The task: Repeat the records below verbatim and include no pictures.

Data extracts:
________________

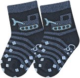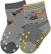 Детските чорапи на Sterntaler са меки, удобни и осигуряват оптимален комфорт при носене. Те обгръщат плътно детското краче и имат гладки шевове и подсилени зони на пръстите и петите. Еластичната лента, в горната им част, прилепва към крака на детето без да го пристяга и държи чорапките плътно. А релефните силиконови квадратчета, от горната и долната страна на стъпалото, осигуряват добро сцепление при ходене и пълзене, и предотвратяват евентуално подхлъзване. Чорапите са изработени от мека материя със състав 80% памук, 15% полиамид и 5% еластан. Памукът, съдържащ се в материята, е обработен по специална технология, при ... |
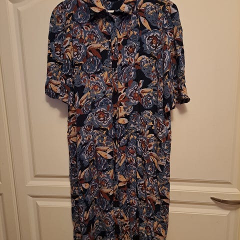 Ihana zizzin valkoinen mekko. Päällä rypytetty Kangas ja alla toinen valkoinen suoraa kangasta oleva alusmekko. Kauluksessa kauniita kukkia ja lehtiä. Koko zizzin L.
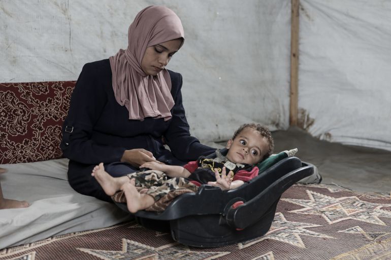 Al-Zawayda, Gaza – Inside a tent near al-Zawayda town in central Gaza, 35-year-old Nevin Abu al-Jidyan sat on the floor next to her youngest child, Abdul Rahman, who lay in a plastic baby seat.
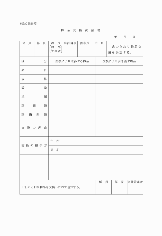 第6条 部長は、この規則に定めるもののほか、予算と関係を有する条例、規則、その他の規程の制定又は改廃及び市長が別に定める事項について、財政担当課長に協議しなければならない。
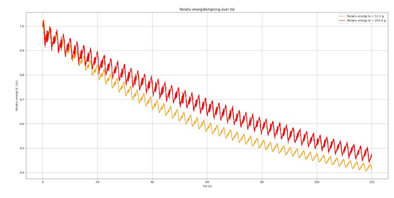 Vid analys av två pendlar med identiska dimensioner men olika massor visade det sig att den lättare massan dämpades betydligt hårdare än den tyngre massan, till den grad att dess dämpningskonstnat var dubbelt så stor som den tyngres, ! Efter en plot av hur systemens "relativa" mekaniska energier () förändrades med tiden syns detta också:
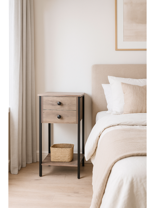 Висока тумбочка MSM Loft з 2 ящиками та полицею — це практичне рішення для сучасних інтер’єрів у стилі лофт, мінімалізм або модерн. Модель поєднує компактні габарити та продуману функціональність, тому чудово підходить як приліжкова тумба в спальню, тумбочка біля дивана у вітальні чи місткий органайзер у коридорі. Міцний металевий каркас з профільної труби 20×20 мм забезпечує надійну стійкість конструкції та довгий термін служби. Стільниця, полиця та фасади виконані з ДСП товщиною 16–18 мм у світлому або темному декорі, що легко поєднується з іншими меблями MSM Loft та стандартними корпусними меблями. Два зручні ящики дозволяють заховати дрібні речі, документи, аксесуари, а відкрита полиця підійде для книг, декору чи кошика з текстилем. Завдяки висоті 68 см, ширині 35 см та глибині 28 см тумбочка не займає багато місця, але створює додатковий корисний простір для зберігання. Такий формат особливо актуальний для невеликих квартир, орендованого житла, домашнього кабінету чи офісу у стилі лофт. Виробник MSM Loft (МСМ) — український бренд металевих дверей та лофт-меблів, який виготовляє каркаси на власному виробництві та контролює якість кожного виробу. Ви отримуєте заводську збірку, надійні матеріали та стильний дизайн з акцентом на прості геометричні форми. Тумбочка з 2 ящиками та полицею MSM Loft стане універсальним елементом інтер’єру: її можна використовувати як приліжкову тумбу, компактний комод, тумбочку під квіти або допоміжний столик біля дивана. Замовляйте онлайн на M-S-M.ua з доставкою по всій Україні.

________________

Solution below:
 Детските чорапи на Sterntaler са меки, удобни и осигуряват оптимален комфорт при носене. Те обгръщат плътно детското краче и имат гладки шевове и подсилени зони на пръстите и петите. Еластичната лента, в горната им част, прилепва към крака на детето без да го пристяга и държи чорапките плътно. А релефните силиконови квадратчета, от горната и долната страна на стъпалото, осигуряват добро сцепление при ходене и пълзене, и предотвратяват евентуално подхлъзване. Чорапите са изработени от мека материя със състав 80% памук, 15% полиамид и 5% еластан. Памукът, съдържащ се в материята, е обработен по специална технология, при ... |
 Ihana zizzin valkoinen mekko. Päällä rypytetty Kangas ja alla toinen valkoinen suoraa kangasta oleva alusmekko. Kauluksessa kauniita kukkia ja lehtiä. Koko zizzin L.
 Al-Zawayda, Gaza – Inside a tent near al-Zawayda town in central Gaza, 35-year-old Nevin Abu al-Jidyan sat on the floor next to her youngest child, Abdul Rahman, who lay in a plastic baby seat.
 第6条 部長は、この規則に定めるもののほか、予算と関係を有する条例、規則、その他の規程の制定又は改廃及び市長が別に定める事項について、財政担当課長に協議しなければならない。
 Vid analys av två pendlar med identiska dimensioner men olika massor visade det sig att den lättare massan dämpades betydligt hårdare än den tyngre massan, till den grad att dess dämpningskonstnat var dubbelt så stor som den tyngres, ! Efter en plot av hur systemens "relativa" mekaniska energier () förändrades med tiden syns detta också:
 Висока тумбочка MSM Loft з 2 ящиками та полицею — це практичне рішення для сучасних інтер’єрів у стилі лофт, мінімалізм або модерн. Модель поєднує компактні габарити та продуману функціональність, тому чудово підходить як приліжкова тумба в спальню, тумбочка біля дивана у вітальні чи місткий органайзер у коридорі. Міцний металевий каркас з профільної труби 20×20 мм забезпечує надійну стійкість конструкції та довгий термін служби. Стільниця, полиця та фасади виконані з ДСП товщиною 16–18 мм у світлому або темному декорі, що легко поєднується з іншими меблями MSM Loft та стандартними корпусними меблями. Два зручні ящики дозволяють заховати дрібні речі, документи, аксесуари, а відкрита полиця підійде для книг, декору чи кошика з текстилем. Завдяки висоті 68 см, ширині 35 см та глибині 28 см тумбочка не займає багато місця, але створює додатковий корисний простір для зберігання. Такий формат особливо актуальний для невеликих квартир, орендованого житла, домашнього кабінету чи офісу у стилі лофт. Виробник MSM Loft (МСМ) — український бренд металевих дверей та лофт-меблів, який виготовляє каркаси на власному виробництві та контролює якість кожного виробу. Ви отримуєте заводську збірку, надійні матеріали та стильний дизайн з акцентом на прості геометричні форми. Тумбочка з 2 ящиками та полицею MSM Loft стане універсальним елементом інтер’єру: її можна використовувати як приліжкову тумбу, компактний комод, тумбочку під квіти або допоміжний столик біля дивана. Замовляйте онлайн на M-S-M.ua з доставкою по всій Україні.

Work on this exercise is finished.